In 2025, IBM Maximo Application Suite 9.1 was released. This release provided a flexible licensing model using app points that are consumed when authorized or concurrent users login to maximo and access the applications available in the suite.
IBM TRIRIGA was replatformed and renamed IBM Maximo Real Estate and Facilities, as part of the Maximo Application Suite 9.1 release.

==Architecture==
Maximo originated as a stand-alone solution running on an IBM Personal Computer. As of April 2018, it is supported on specified versions of AIX, Linux and Windows Server, previously HP-UX and Solaris were also supported. Successive versions have developed to leverage newer technologies. Interfaces have been developed for automated interfacing feeds, integration with enterprise level database, resource and reporting tools.

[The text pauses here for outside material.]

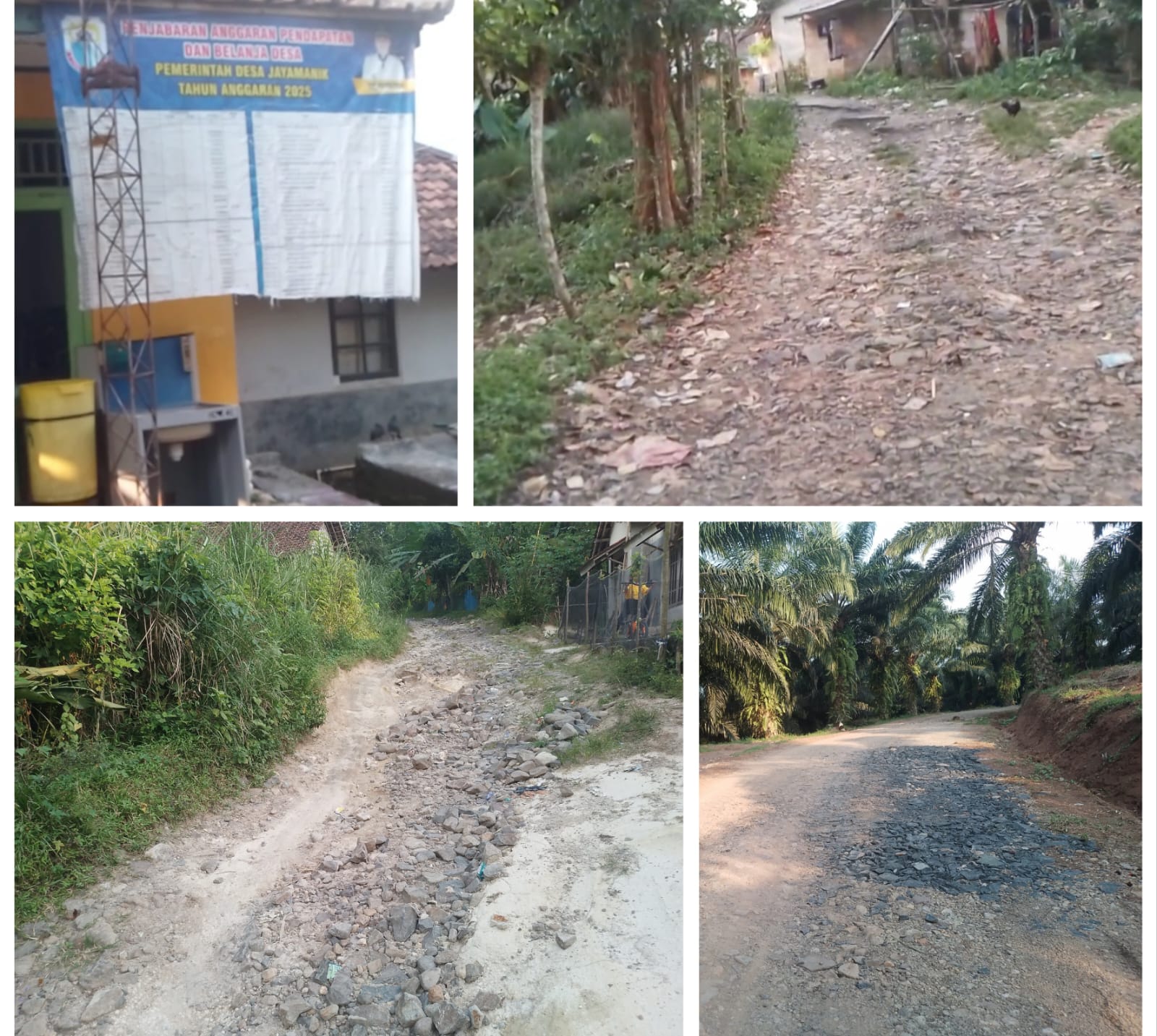 Hasil pantauan langsung awak media di lapangan menunjukkan tidak adanya tanda-tanda perbaikan berarti. Papan nama desa tampak kusam, dinding kantor desa mulai mengelupas, dan kondisi jalan yang seharusnya dipelihara masih rusak tanpa perubahan signifikan.

Pre-configured models for some industries are available including rail, nuclear and mining. Software is also available to assist in the interfacing with other software packages and protocols.

==Disputes==
In February 2018 Kalibrate Asset Management, a consultancy specializing in Maximo, sued IBM for 500,000 dollars in a deal registration dispute. This suit was dismissed by the court on 23 March 2018 as Kalibrate had failed to demonstrate it had a contractual right to the commission, nor had it established a claim for misleading and deceptive conduct. Kalibrate was ordered to pay IBM's costs.